France, 1554
La maison était calme, cependant que l’obscurité gagnait la cité de Salon-de-Craux dont le vieil homme, à travers la vitre de la
fenêtre, discernait encore l’esquisse des rues sinueuses irradiant depuis la grand place. Non loin de la pièce où il se tenait debout, son épouse s’était sans doute déjà endormie au côté de
l’aînée, la jolie et espiègle Madeleine, et son fils, César, venu au monde neuf mois plus tôt. Perdu dans ses pensées, Michel de Nostredame attendit un peu, immobile et silencieux, comme plongé
dans quelque méditation singulière, avant de prendre place sur le siège en cuivre posé devant la robuste table en bois, où étaient disposés plusieurs morceaux de papier et de quoi écrire. A vrai
dire, la faible lueur des bougies rendrait cet exercice encore trop pénible pour ses yeux fatigués, mais leur éclat le rassurait, lui rappelant celui de cette petite flamme intérieure qui, née de
sa réflexion solitaire, lui permettait d’énoncer, en termes sibyllins, ce que la postérité, un jour, ne considérerait plus comme dénué de sens.
C’est alors qu’un profond et puissant trouble, inquiétant et familier à la fois, l’assaillit tout entier. Ces sons encore sourds
tintaient à ses oreilles tel un murmure surgi inopinément d’un autre monde, assombrissant sa vision et lui tournant la tête à la manière d’un bon vin chaud. Tout en demeurant conscient, le vieil
homme fut surpris par le souffle de l’incendie qui venait de prendre derrière lui, les flammes semblaient lui lécher le dos, le faisant tressaillir de peur, manquant tomber à la renverse, et de
se redresser finalement, chancelant, contemplant le mur de feu couper la pièce dans toute sa largeur. Son regard se porta ensuite sur les murs cramoisis et le plafond effondré d’où les rayons de
l’aube perçaient à peine. De l’extérieur, plusieurs détonations éclatèrent soudain, assourdies, comme à l’accoutumée, et Michel de Nostredame, d’un pas mal assuré, le corps affaibli par les
crises de goutte toujours plus fréquentes et aiguës, avança en direction de la fenêtre. En contrebas, des engins de fer, portant sur leurs flancs un croissant de lune et une étoile, traversaient
la ville en hâte, plusieurs des habitants qui n’avaient pas fui se faisant tirer, tel quelque gibier apeuré, par la troupe à pied qui progressait tout aussi rapidement à la suite de la
colonne.
La vision ne persista pas longtemps, même si cet instant insolite lui sembla durer une éternité. Quand elle prit fin, le vieil
homme retourna s’asseoir. La plume courait désormais sur le papier, tremblante, répandant le message de celui qui a le don de prophétie, flot de mots dont Michel de Nostredame modelait d’un seul
jet, et les extrémités, et le nombre de pieds, usant de figures de style, d’anagrammes et de ses vastes connaissances pour crypter l’évènement auquel il venait d’assister, des siècles avant qu’il
ne se produise. Tout autour de lui, la nuit, la paix et la sérénité des lieux avaient repris leurs droits. Petit à petit, son esprit rassemblait les pièces du puzzle, puis lui vint une idée.

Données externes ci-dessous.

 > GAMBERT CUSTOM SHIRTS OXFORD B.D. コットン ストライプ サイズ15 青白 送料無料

Cherchant du regard un texte rédigé deux semaines auparavant, il décida d’y ajouter une courte phrase dont les trois derniers mots, écrits dans la langue d’Ovide, le firent sourire presque malgré
lui. D’autres images le saisirent ensuite, éparses, floues, parfois dépourvues de la moindre signification, résidu, en somme, de la vision précédente. Après quoi tout s’évanoui. Harassé, le vieil
homme se leva, le pas hésitant, rassembla le papier encore humide de l’encre qui venait d’y être déposée et quitta la pièce, marcha lentement, le faible éclat des bougies, l’espace d’un éclair,
miroitant dans ses yeux sombres.
Sur la table en bois, un morceau de parchemin laissait deviner un quatrain décasyllabique rédigé en latin.

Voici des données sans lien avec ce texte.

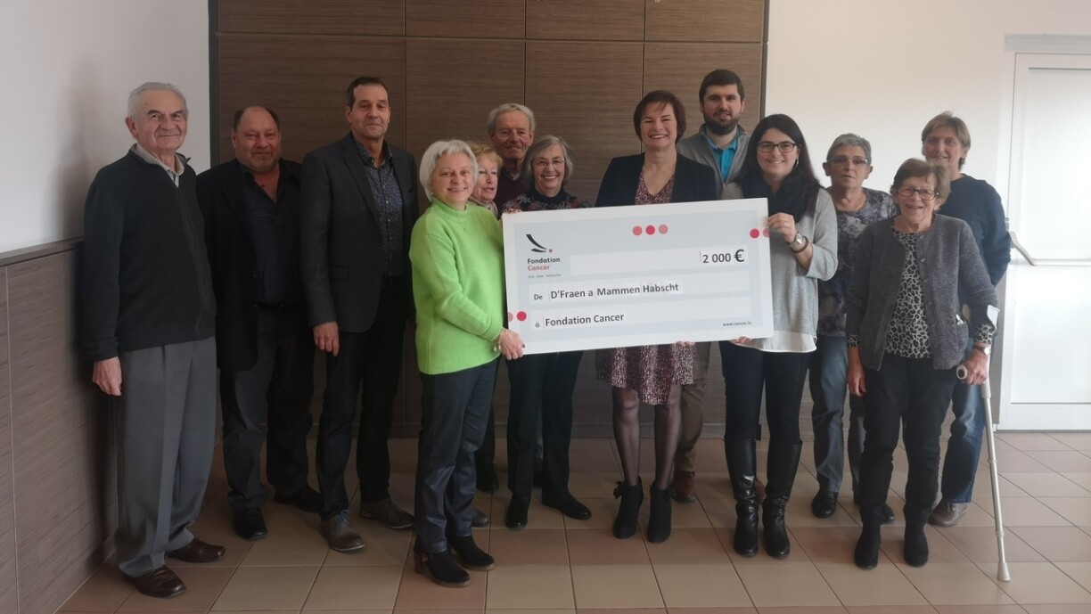 D’Check-Iwwerreechung huet den 19. Januar an den Raimlechkeete vun der Associatioun stattfonnt. D‘Lucienne Thommes, Direktesch vun der Fondation Cancer huet all den Persounen wou present waren häerzlech Merci gesot fir hiren Engagement fir Kriibspatienten.

Quos legent hosce versus maturè censunto,
Profanum vulgus & inscium ne attrestato,
Omnesq Astrologi Blennis, Barbari procul sunto,
Qui aliter facit, is rite, sacer esto.
Envahi par le sommeil, adossé au montant de la couche parce que n’osant trop s’allonger, les yeux rivés sur le visage doux et
reposé de son épouse, Nostradamus songeait encore à l’interprétation qu’un jour, les hommes feraient de ces mots, à l’époque lointaine où son œuvre prophétique serait enfin comprise de tout à
chacun. L’usage qu’en feraient ces derniers, encore incertain, n’appartenait déjà plus qu’à eux et à eux seuls. Puis le voyant s’endormit enfin.